[Exercise inputs]

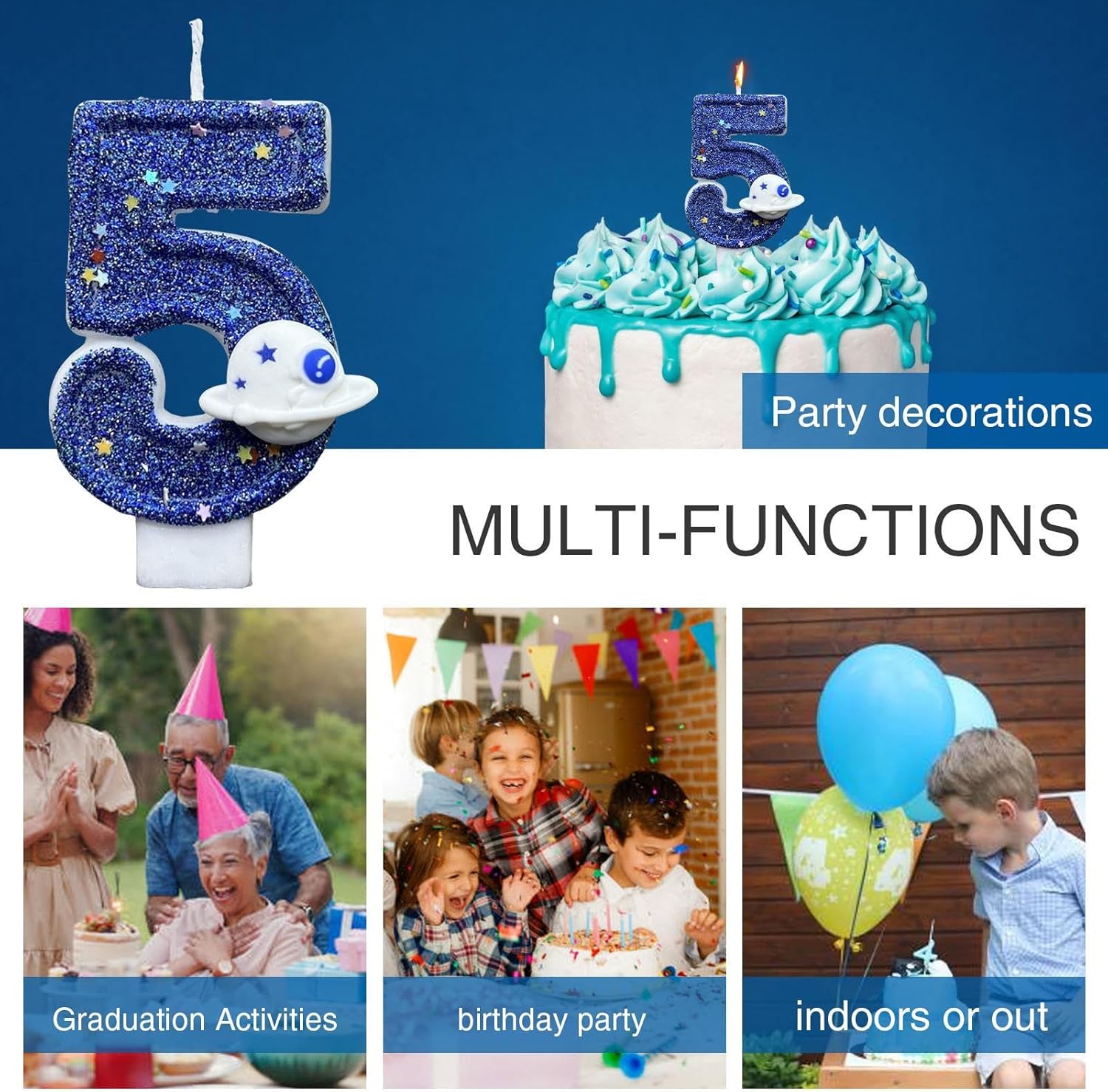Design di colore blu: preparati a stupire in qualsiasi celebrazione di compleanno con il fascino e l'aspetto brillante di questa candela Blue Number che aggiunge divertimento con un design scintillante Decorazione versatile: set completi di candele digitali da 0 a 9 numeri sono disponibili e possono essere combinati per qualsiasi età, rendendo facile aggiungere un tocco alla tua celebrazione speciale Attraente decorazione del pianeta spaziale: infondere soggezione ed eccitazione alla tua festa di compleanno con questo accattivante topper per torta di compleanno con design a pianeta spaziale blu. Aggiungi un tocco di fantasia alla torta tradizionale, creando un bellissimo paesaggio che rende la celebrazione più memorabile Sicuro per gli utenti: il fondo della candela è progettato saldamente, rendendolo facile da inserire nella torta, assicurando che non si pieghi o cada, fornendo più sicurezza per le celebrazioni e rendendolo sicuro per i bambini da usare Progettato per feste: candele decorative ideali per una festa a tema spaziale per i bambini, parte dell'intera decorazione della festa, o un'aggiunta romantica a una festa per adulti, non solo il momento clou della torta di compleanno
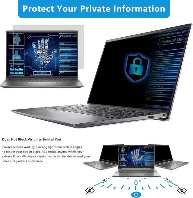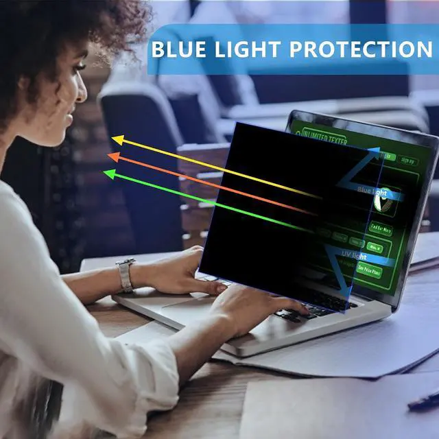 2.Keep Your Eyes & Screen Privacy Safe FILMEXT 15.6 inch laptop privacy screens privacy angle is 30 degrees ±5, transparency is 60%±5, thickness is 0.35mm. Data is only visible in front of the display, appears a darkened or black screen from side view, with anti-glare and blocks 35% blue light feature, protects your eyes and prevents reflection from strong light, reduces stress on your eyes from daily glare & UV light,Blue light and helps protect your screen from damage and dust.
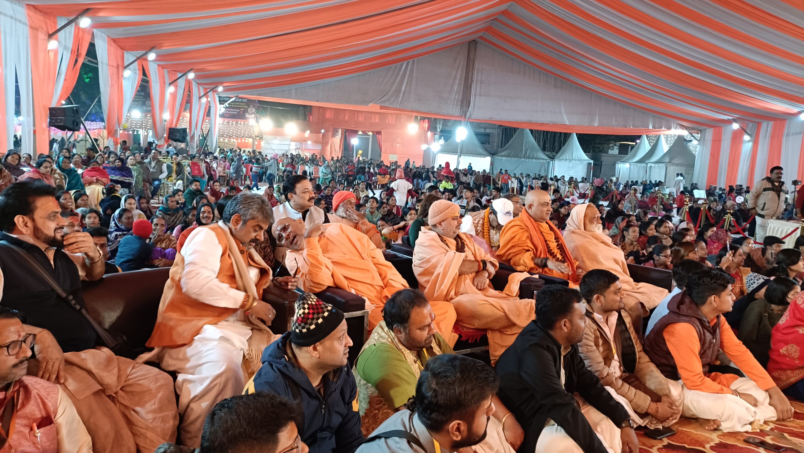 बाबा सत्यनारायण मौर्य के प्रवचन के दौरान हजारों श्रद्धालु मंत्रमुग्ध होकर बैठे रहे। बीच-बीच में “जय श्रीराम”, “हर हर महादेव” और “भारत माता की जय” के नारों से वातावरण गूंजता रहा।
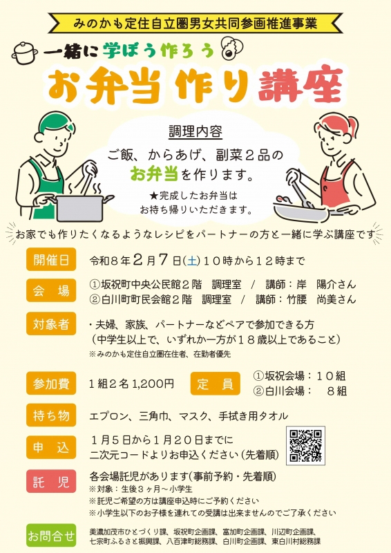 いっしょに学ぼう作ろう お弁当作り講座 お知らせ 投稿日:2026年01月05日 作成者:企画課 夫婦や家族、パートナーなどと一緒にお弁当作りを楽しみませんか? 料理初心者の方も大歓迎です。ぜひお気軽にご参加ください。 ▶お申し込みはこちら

* * *

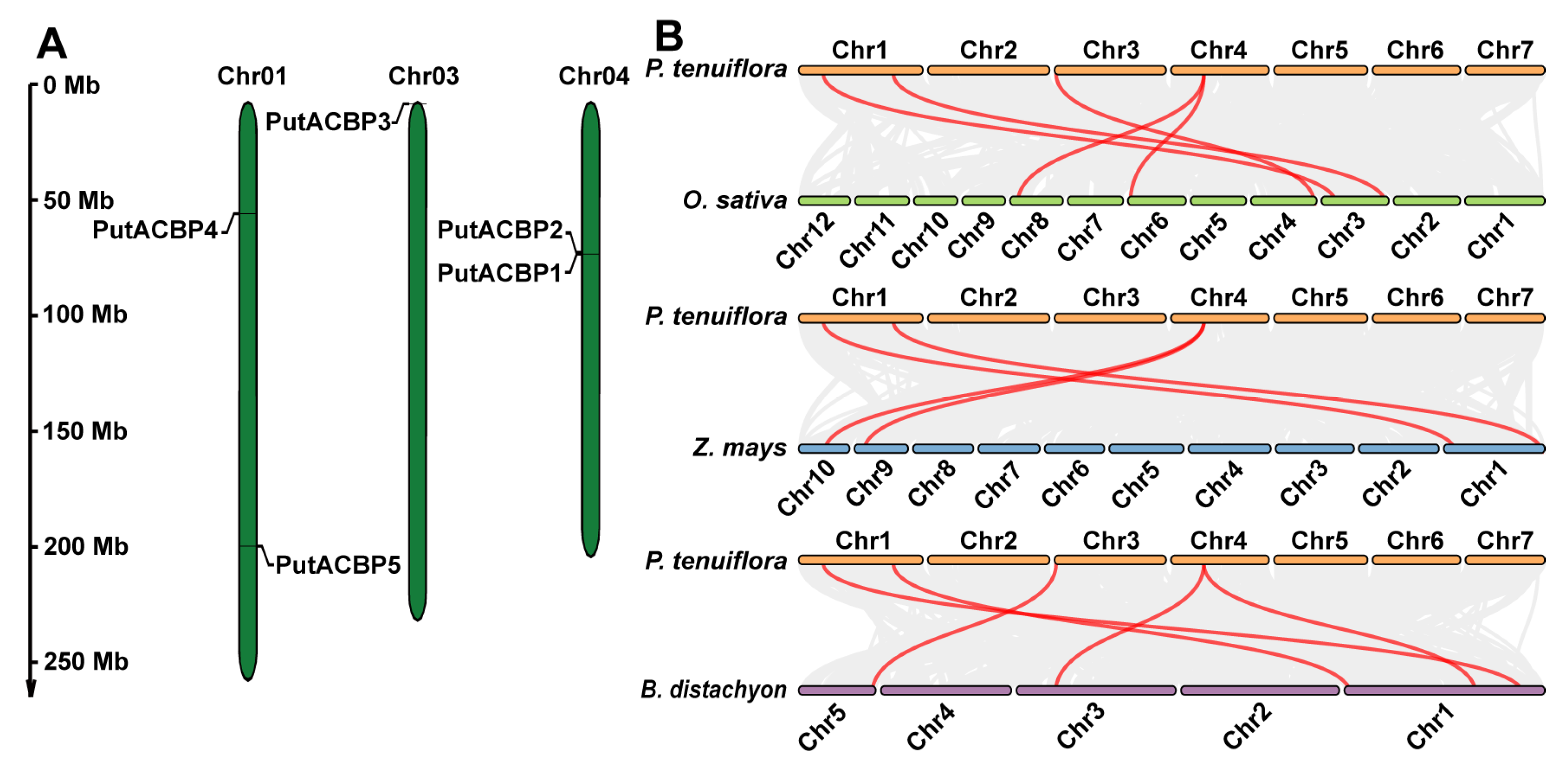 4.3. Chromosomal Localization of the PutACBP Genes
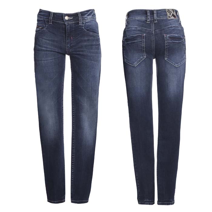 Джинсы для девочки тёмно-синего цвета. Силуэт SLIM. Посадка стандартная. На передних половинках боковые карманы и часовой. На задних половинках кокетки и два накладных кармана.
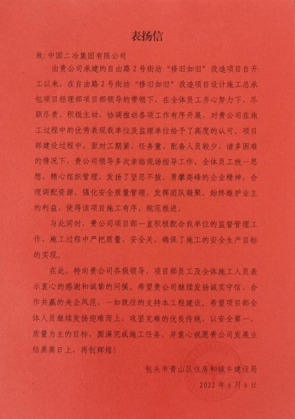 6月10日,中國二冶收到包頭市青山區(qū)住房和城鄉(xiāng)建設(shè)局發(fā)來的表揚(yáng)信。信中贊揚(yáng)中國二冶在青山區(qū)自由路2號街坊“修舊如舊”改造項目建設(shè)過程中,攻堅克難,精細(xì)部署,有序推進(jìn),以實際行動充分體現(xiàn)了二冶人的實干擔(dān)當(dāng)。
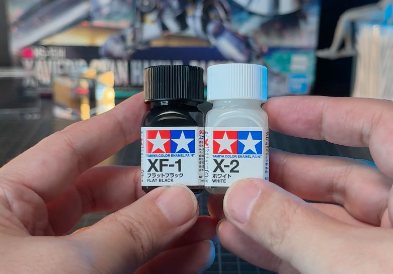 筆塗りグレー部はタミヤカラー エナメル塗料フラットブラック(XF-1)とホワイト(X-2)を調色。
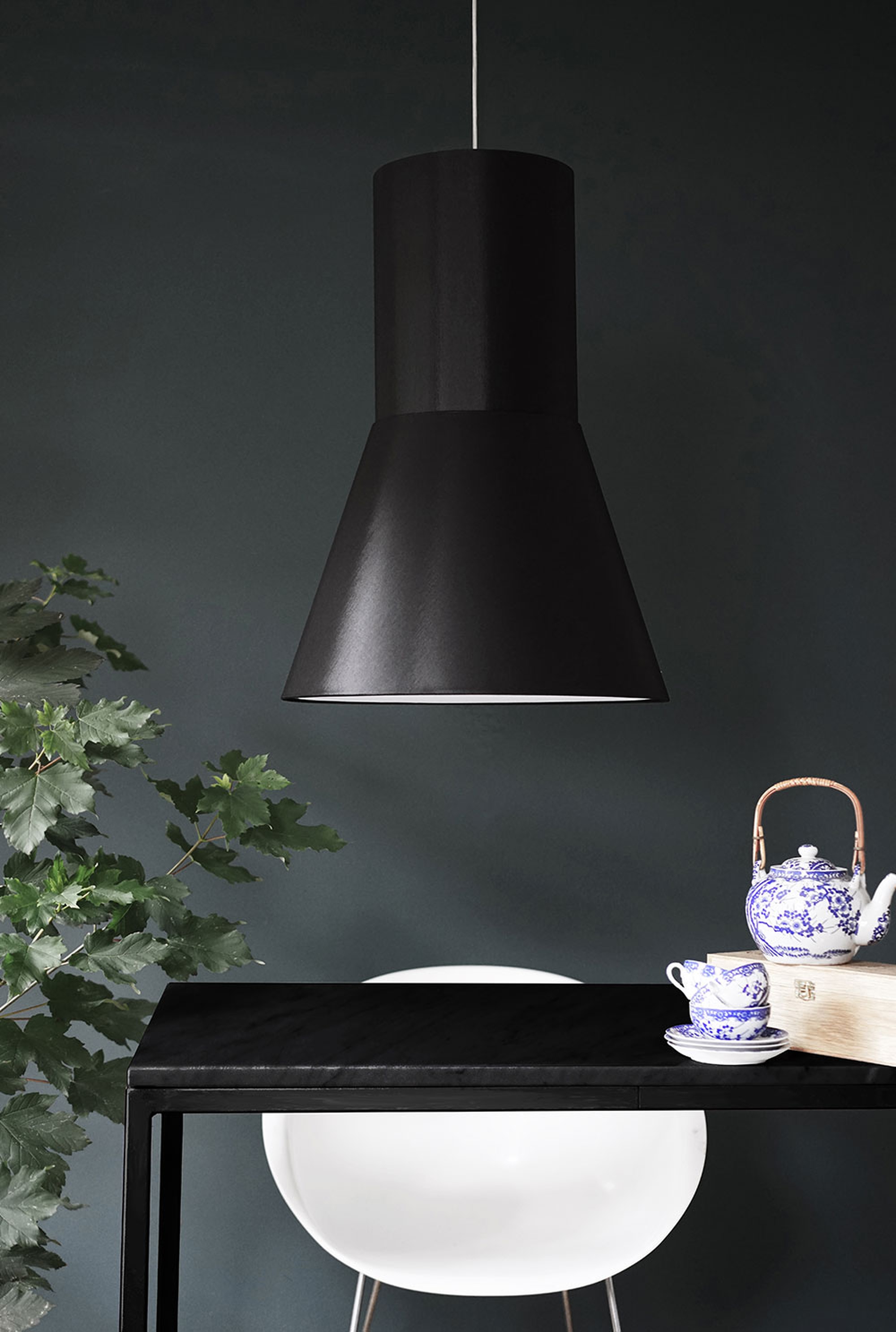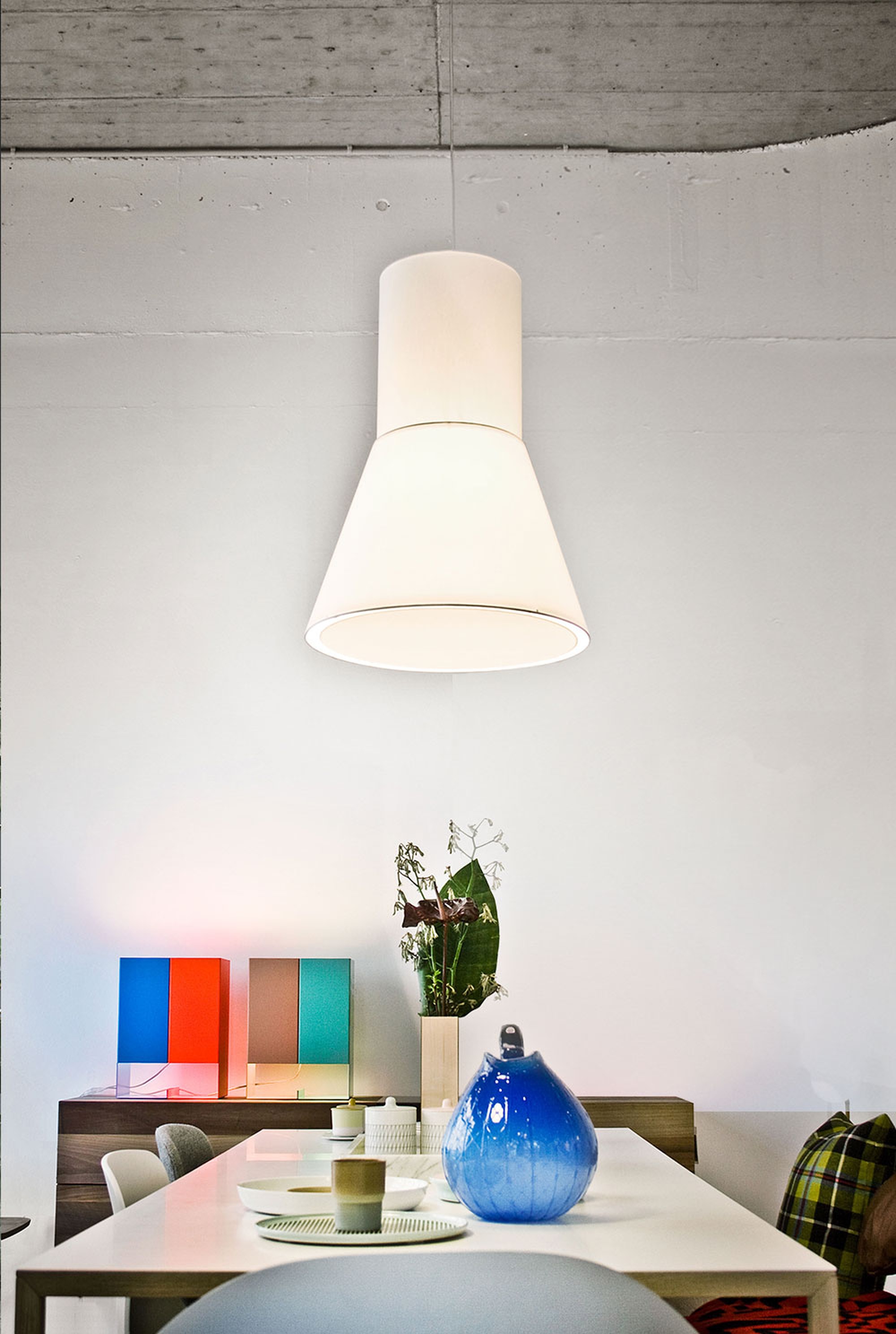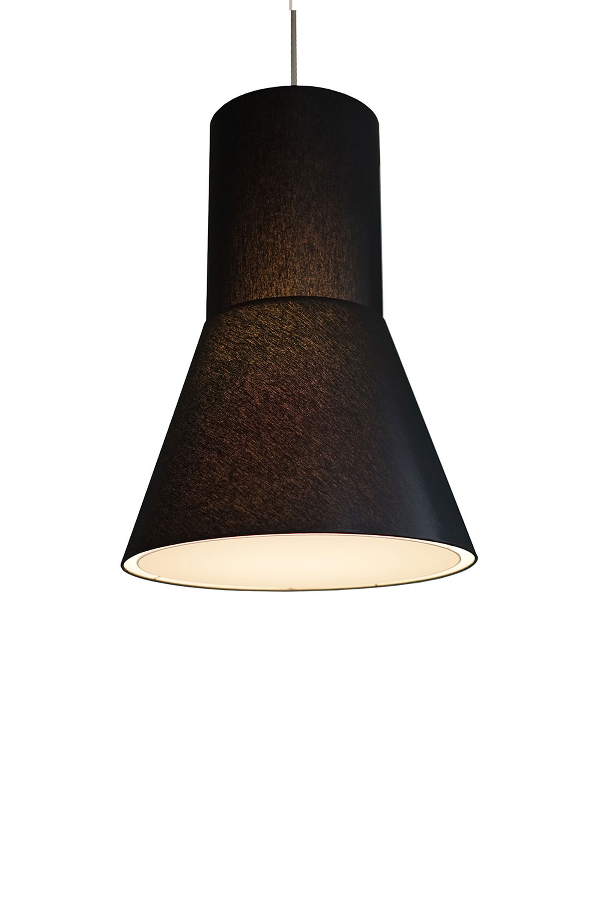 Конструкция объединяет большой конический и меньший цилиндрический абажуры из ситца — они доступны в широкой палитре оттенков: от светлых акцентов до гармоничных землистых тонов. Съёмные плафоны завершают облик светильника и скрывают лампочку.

[Brief] Your copy should hold the lines from the one with "2.Keep Your Eyes" up to and including the one with "いっしょに学ぼう作ろう お弁当作り講座 お知らせ", exactly as in the data above, and no pictures.

[Expected output]
 2.Keep Your Eyes & Screen Privacy Safe FILMEXT 15.6 inch laptop privacy screens privacy angle is 30 degrees ±5, transparency is 60%±5, thickness is 0.35mm. Data is only visible in front of the display, appears a darkened or black screen from side view, with anti-glare and blocks 35% blue light feature, protects your eyes and prevents reflection from strong light, reduces stress on your eyes from daily glare & UV light,Blue light and helps protect your screen from damage and dust.
 बाबा सत्यनारायण मौर्य के प्रवचन के दौरान हजारों श्रद्धालु मंत्रमुग्ध होकर बैठे रहे। बीच-बीच में “जय श्रीराम”, “हर हर महादेव” और “भारत माता की जय” के नारों से वातावरण गूंजता रहा।
 いっしょに学ぼう作ろう お弁当作り講座 お知らせ 投稿日:2026年01月05日 作成者:企画課 夫婦や家族、パートナーなどと一緒にお弁当作りを楽しみませんか? 料理初心者の方も大歓迎です。ぜひお気軽にご参加ください。 ▶お申し込みはこちら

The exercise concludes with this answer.